WHAT NEEDS TO BE DONE - Somewhere below are a line with "Using Google’s Material" and a later line with "7月11日,上海電力公告,董". Output exactly those lines and all lines between them.

GIVEN RECORDS -
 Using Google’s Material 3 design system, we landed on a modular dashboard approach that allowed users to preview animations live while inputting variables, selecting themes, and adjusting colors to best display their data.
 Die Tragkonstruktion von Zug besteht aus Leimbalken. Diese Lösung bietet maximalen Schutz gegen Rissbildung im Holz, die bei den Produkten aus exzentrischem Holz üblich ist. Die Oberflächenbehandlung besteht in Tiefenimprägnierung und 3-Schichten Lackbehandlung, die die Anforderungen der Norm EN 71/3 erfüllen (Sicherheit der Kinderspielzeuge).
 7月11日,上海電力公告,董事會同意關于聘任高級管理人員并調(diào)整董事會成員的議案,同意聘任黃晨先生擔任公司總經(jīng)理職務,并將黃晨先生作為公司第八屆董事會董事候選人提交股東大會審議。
* * *
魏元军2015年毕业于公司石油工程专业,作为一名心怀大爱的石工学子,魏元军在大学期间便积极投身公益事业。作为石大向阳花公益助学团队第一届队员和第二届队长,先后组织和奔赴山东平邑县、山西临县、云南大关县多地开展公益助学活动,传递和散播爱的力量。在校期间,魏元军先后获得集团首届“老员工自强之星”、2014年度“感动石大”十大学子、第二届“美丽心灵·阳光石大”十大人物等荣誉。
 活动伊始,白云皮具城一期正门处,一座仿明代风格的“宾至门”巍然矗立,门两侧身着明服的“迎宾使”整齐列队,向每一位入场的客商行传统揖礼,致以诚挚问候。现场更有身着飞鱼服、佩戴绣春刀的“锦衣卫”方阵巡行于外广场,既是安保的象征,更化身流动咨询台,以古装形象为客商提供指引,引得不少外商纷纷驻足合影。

THE ANSWER -
 Using Google’s Material 3 design system, we landed on a modular dashboard approach that allowed users to preview animations live while inputting variables, selecting themes, and adjusting colors to best display their data.
 Die Tragkonstruktion von Zug besteht aus Leimbalken. Diese Lösung bietet maximalen Schutz gegen Rissbildung im Holz, die bei den Produkten aus exzentrischem Holz üblich ist. Die Oberflächenbehandlung besteht in Tiefenimprägnierung und 3-Schichten Lackbehandlung, die die Anforderungen der Norm EN 71/3 erfüllen (Sicherheit der Kinderspielzeuge).
 7月11日,上海電力公告,董事會同意關于聘任高級管理人員并調(diào)整董事會成員的議案,同意聘任黃晨先生擔任公司總經(jīng)理職務,并將黃晨先生作為公司第八屆董事會董事候選人提交股東大會審議。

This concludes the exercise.